Quantitative analysis Peak broadening and height reduction introduce bias in calibration curves
High-resolution work Resolution matters (vibronic structure, closely-spaced peaks) and moving average's blurring is unacceptable
Publication-quality figures Moving average can leave visible artifacts (slight stair-stepping effects)
Advantages and limitations
Advantages
✅ Extremely simple Easy to understand and implement
✅ Very fast Minimal computational cost
✅ No parameters beyond window size Just choose w and you're done
✅ Predictable behavior Always smooths, never does anything surprising
Limitations
❌ Reduces peak heights Averaging pulls sharp peaks down toward their neighbors
❌ Broadens features Peaks get wider, closely-spaced features may merge
❌ Equal weighting All neighbors are treated equally, even those far from the center point
❌ Not optimal for most applications Other methods (Savitzky-Golay, Whittaker) preserve features better
Practical tips
Window size selection:
- No single "best" window - it depends on noise level, feature width, and data resolution
- Start small (w = 5) and increase until noise is acceptable while features remain sharp
- More data points generally allows larger windows, but always check visually
- Always use odd numbers for symmetry
- Consistency is key: same window for all samples in a study
Quality control:
- Always plot before and after smoothing
- Check residuals (original - smoothed) for structured patterns
- If residuals show peak shapes, you're over-smoothing
Computational efficiency:
- NumPy's
convolveis highly optimized - For many spectra, vectorize the operation instead of looping
- Moving average is fast enough that optimization usually isn't needed
Next steps
Moving average teaches the fundamental concepts of smoothing: noise reduction vs. feature preservation, window size tradeoffs, and edge effects.
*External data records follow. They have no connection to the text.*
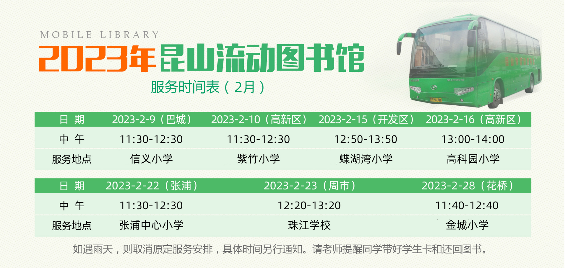 2023年昆山流动图书馆服务时间表(3月)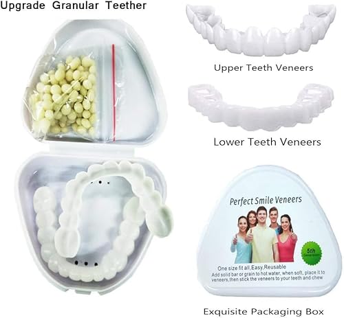 Design raffinato - I nostri denti cosmetici aiutano a nascondere i denti mancanti, piegati, macchiati e rotti. Libertà di sorridere, mangiare e bere mentre si indossa. Scatta sui denti delle faccette. Denti finti.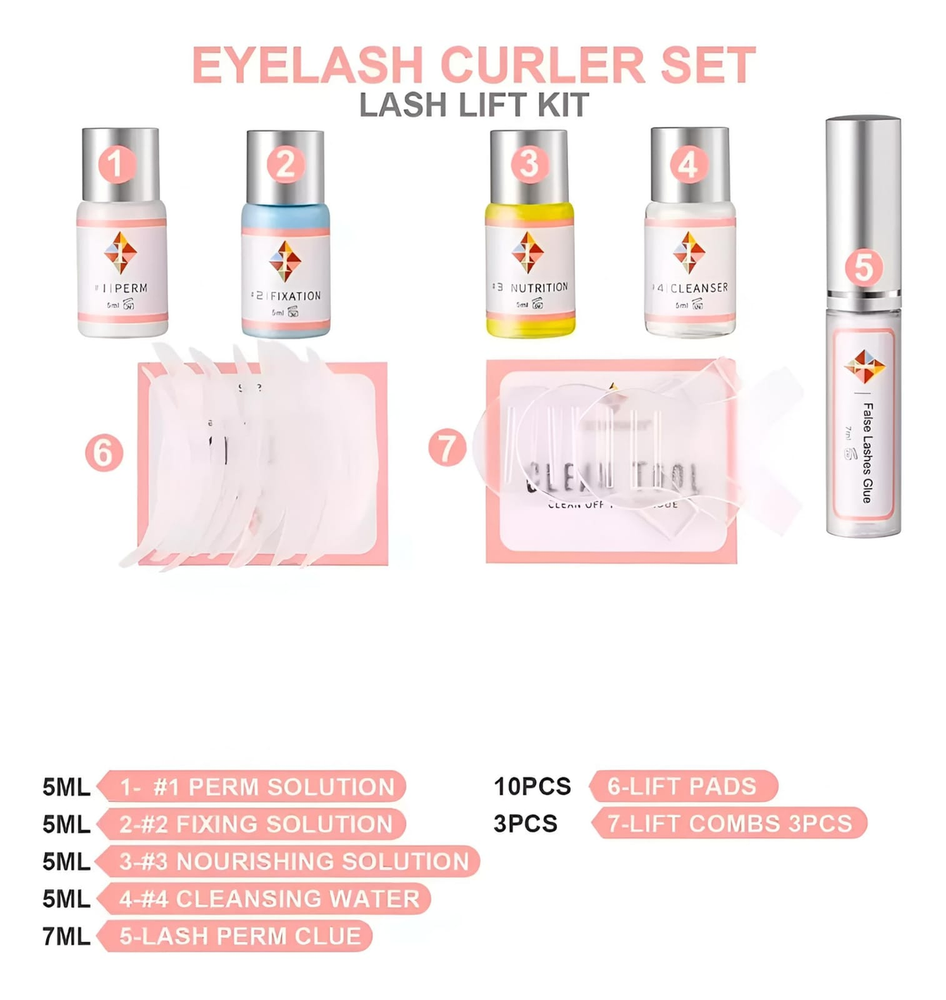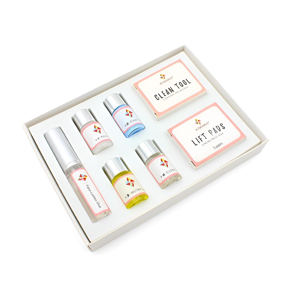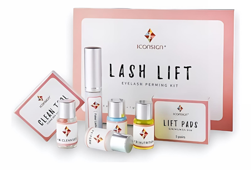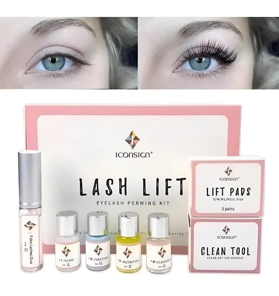 (Kit para Lifting "ICONSIGN" Lash Lift, diseñado para realzar y curvar las pestañas de forma natural. Los resultados pueden durar hasta 6 a 8 semanas, ofreciendo una solución duradera. Es adecuado para todo tipo de pestañas y es hipoalergénico, lo que lo hace seguro para ojos sensibles).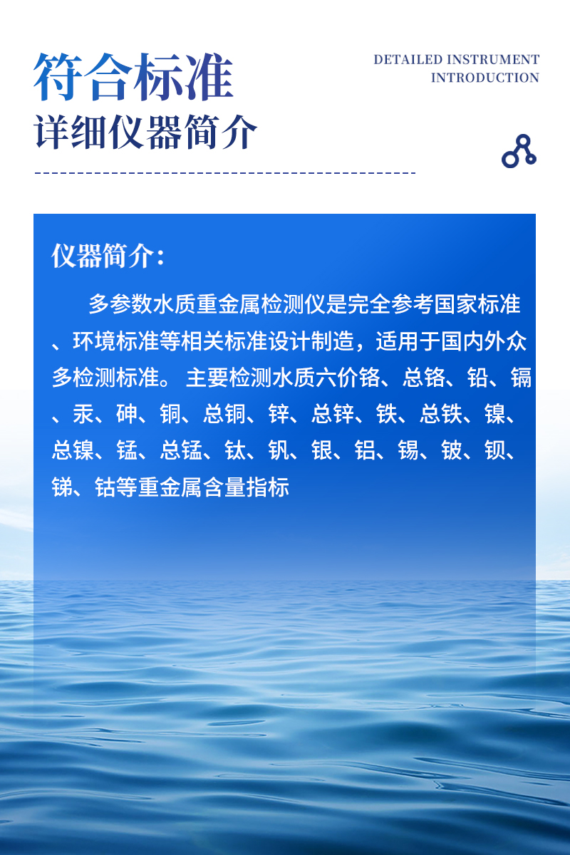 多參數水質重金屬檢測儀是完全參考國家標準、環境標準等相關標準設計制造,適用于國內外眾多檢測標準。 主要檢測水質六價鉻、總鉻、鉛、鎘、汞、砷、銅、總銅、鋅、總鋅、鐵、總鐵、鎳、總鎳、錳、總錳、鈦、釩、銀、鋁、錫、鈹、鋇、銻、鈷等重金屬含量指標;本儀器兼具智能數據分析功能,圖表、列表顯示數據,分析一目了然;高清晰度彩色液晶觸摸顯示屏,Android智能操作系統,中文顯示界面,中英文鍵盤,人性化操作,使用更簡單。

These principles apply to all smoothing methods.
For most serious spectroscopic work, consider these more advanced methods:
-
Savitzky-Golay smoothing - Fits local polynomials instead of averaging. Much better peak preservation. The most common choice for Raman and IR spectroscopy.
-
Whittaker smoothing - Optimization-based approach that balances smoothness against data fidelity. Excellent general-purpose method.
-
Gaussian smoothing - Weighted averaging where close neighbors matter more than distant ones. Smoother than moving average with similar simplicity.
Moving average is the simplest smoothing method, making it perfect for quick exploratory analysis and teaching. But for quantitative work or publication-quality results, the more sophisticated methods above are usually worth the extra complexity.